Artificial Intelligence, Algorithmic Trading, and Market Stability (with E. Tarantino and F. Sangiorgi) [SSRN]
We investigate how AI-driven investors, modeled via deep reinforcement learning, operate in a calibrated financial market with realistic return predictability and endogenous price impact. We examine whether these agents can learn to detect and exploit return predictability from public signals, decode prices to infer latent demand, and adjust for price impact. To evaluate performance, we compare AI traders to a rational benchmark representing the optimal policy under full knowledge of the data generating process. In simulations, AI traders qualitatively match the benchmark. Quantitatively, however, they fall short when many interact. The presence of other AI traders injects noise into the price process through their exploration, distorting the portfolio-return signals each agent learns from and thus impairing learning. This negative learning externality reduces trading profits, lowering market efficiency and liquidity relative to the benchmark. Our findings suggest caution when extrapolating from partiale-quilibrium analyses of AI trading’s profitability and impact on market quality.
Robust Identification in Repeated Games: An Empirical Approach to Algorithmic Competition (with A. Cozzolino, C. Gualdani, N. Lomys, and L. Magnolfi) [Link]
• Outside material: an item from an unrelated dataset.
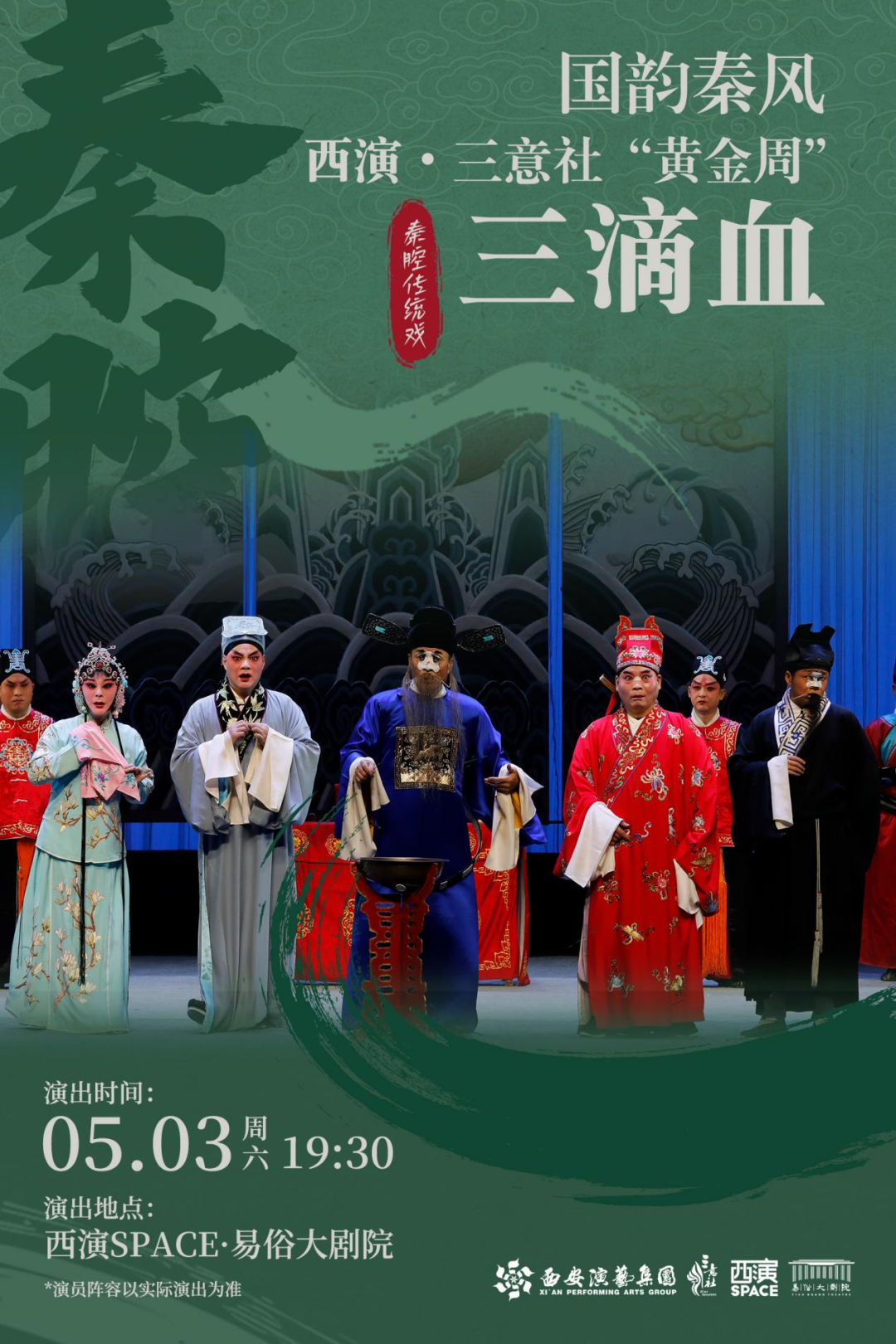 拿手好戏不停歇,第五届“国韵秦风”“五一”假期秦腔系列演出,将于5月3日至5日在西安鸣锣开唱,特邀西演·西安三意社为大家呈现三部秦腔经典大戏——《三滴血》《铡美案》《周仁》,以非遗传承与专业表达为观众献上秦腔艺术盛宴,让戏迷朋友在“家门口”零距离感受传统戏曲的魅力。

We develop an econometric framework for recovering structural primitives---such as marginal costs---from price or quantity data generated by firms whose decisions are governed by reinforcement-learning algorithms. Guided by recent theory and simulations showing that such algorithms can learn to approximate repeated-game equilibria, we impose only the minimal optimality conditions implied by equilibrium, while remaining agnostic about the algorithms’ hidden design choices and the resulting conduct---competitive, collusive, or anywhere in between. These weak restrictions yield set identification of the primitives; we characterise the resulting sets and construct estimators with valid confidence regions. Monte~Carlo simulations confirm that our bounds contain the true parameters across a wide range of algorithm specifications, and that the sets tighten substantially when exogenous demand variation across markets is exploited. The framework thus offers a practical tool for empirical analysis and regulatory assessment of algorithmic behaviour.
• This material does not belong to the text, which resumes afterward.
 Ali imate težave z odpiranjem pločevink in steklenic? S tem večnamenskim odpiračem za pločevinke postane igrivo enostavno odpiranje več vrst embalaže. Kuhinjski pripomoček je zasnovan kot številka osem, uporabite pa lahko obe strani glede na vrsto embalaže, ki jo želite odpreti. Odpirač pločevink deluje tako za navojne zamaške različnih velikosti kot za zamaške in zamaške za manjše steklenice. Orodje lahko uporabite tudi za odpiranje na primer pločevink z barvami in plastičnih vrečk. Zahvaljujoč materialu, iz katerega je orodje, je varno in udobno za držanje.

Passive investing, diversification risk and financial stability (draft coming soon!)
This paper examines how passive investing affects financial stability by altering the composition of equity market risk. Using a valuation-adjusted Bartik instrument, I show that passive ownership causally increases stock return correlations by 3.5 percentage points per standard deviation increase. I decompose diversification benefits and portfolio risk into correlation-driven and idiosyncratic-volatility components using a structural demand system. The analysis reveals opposing effects: passive investing erodes diversification benefits by 3% through increased correlations, while dampening individual stock volatility. The correlation effect dominates—minimum achievable portfolio volatility is 20% higher with passive investors. Overall, passive investing reallocates risk from idiosyncratic to aggregate, non-diversifiable components, reducing the equity market's capacity to absorb shocks.